Alberto Jonquières: “Julio Cortázar era un tío majo, muy grandote y tocaba muy mal la trompeta”

Camino velozmente hacia mi destino, el café Lisboa de la plaza del Collado, situada justo tras la Lonja de Valencia. He tenido que comprarme una pequeña libreta para emplearla como cuaderno de notas, el frenesí me hace siempre olvidar casi la mitad de lo que debo llevar encima. Aún no es la hora, el tiempo me concede algo de margen esta vez.

Atravieso la lonja y observo el ínfimo guión que acabo de hacerme para la entrevista, habrá que ver si se extiende en sus contestaciones, si me da lo que busco o será más bien un coyuntural encuentro de afirmaciones y negativas. Y cómo será, cómo será mirar a alguien que ha sido tan amigo de Julio, me pregunto fruto del idealismo de un mitómano.

Alberto Jonquières es un fotógrafo que retrató a Julio Cortázar en varias ocasiones, lo conoció muy de cerca y prácticamente ha dedicado su vida a la fotografía. Su padre, a través de quien conoció a Julio, fue pintor y poeta, hay una publicación llamada Cartas a los Jonquières que está integrada por ciento veintiséis cartas y trece tarjetas postales ordenadas cronológicamente, que Cortázar envió a Eduardo Jonquières, padre de Alberto, y a su mujer, María Rocchi, desde febrero de 1950 hasta febrero de 1983.

Por fin veo mi destino y a Alberto, me escondo unos minutos tras el quiosco, dubitativo, y una vez armado de valor, me acerco a él.

—¿Es usted Alberto? —le pregunto a un hombre entrado en años, al advertir una cámara entre sus piernas.

Què dius?

Ah, disculpem, havia pensat que era una altra persona.

Me siento de nuevo a esperarle, elijo el ángulo adecuado para la recepción, que no haya mucho ruido en las mesas colindantes, que nos hallemos refugiados y a la vez liberados… y parece que se acerca alguien.

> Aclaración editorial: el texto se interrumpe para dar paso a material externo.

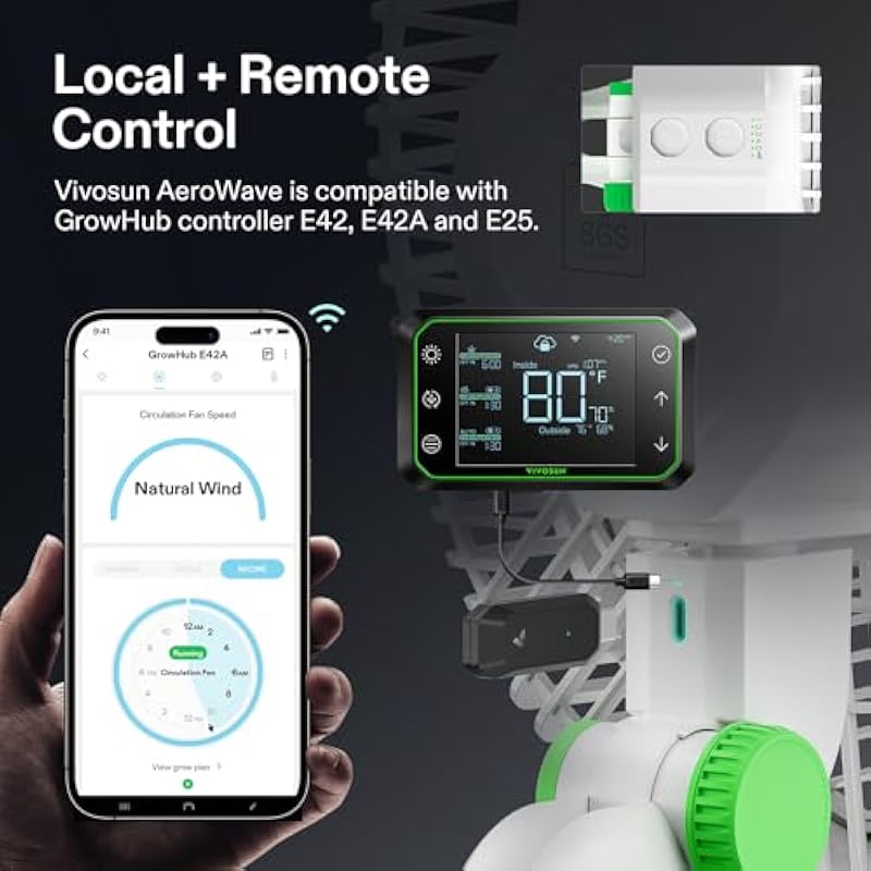 - Smart Wi-Fi Control: Compatible with the Vivosun GrowHub E42/E42A/E25 for remote speed and timer control; Syncs with SGS (Smart Grow System) to apply custom grow recipes and operate in tandem with other connected devices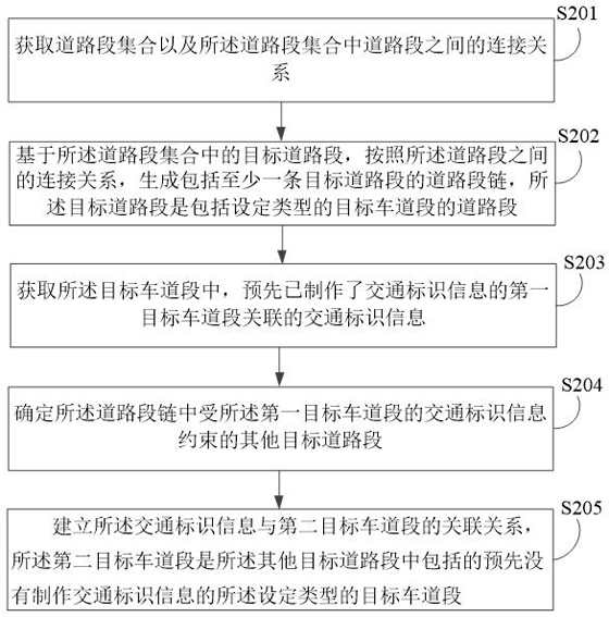 本公开实施例公开了一种关联交通标识信息的方法、装置及电子设备,所述方法包括:获取道路段集合以及道路段集合中道路段之间的连接关系;基于道路段集合中的目标道路段,按照道路段之间的连接关系,生成道路段链;获取目标车道段中,预先已制作了交通标识信息的第一目标车道段关联的交通标识信息;基于第一目标车道段所在的目标道路段在道路段链中的位置,确定道路段链中受交通标识信息约束的其他目标道路段;建立交通标识信息与第二目标车道段的关联关系,第二目标车道段是其他目标道路段中包括的预先没有制作交通标识信息的设定类型的目标车道段。该技术方案能够避免已有的地图数据中遗漏部分目标车道的车道限制信息的情况。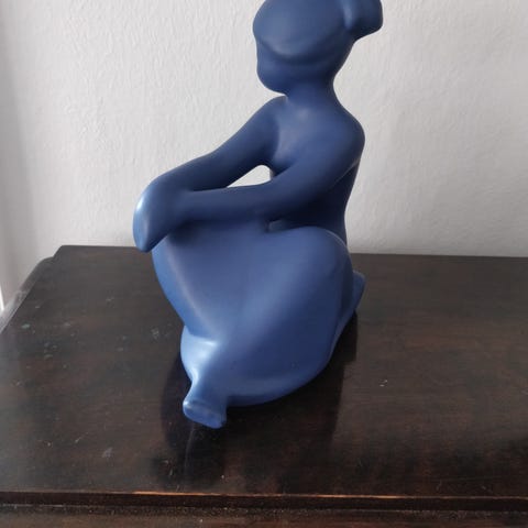 Dette er en porcelænsfigur, der forestiller en havfrue siddende på en klippe. Figuren måler 6,5 cm i højden og har en glat finish. Havfruen har et klassisk design med en fiskehale og bølget hår, og sidder i en hvilende position. Farven på figuren er en blanding af hvid og blå nuancer.

—¿Alberto? Yo soy Fer, un placer.

—Buenas —me estrecha la mano.

—Pídete algo si quieres. Si no te importa voy a empezar a grabar ya. ¿Cómo se conocieron tu padre y Julio?

—Cómo te puedo explicar… Se conocieron hace muchísimos años, cuando eran jóvenes, ambos profesores, fueron muy amigos y se frecuentaron toda la vida hasta la muerte…

No sé si conoces la vida de Cortázar, se vino a Europa en el 52, trabajó traduciendo obras de Edgar Allan Poe, y para la Unesco, mi familia llegó en el 59 a París.Yo tenía 11 años, me acuerdo como si fuera ayer. A los 11 años estás despierto, paseaba por todo el barco, me metía por todos lados, me hice amigo del capitán, del marinero, me llevaban por las salas de máquinas… Fue un viaje precioso.

Nuestros padres nos habían educado en la cultura europea, todas las piedras viejas y estas cosas que no hay en Argentina, como la Lonja, allí no existen. Es decir, existen, pero son del siglo XVIII.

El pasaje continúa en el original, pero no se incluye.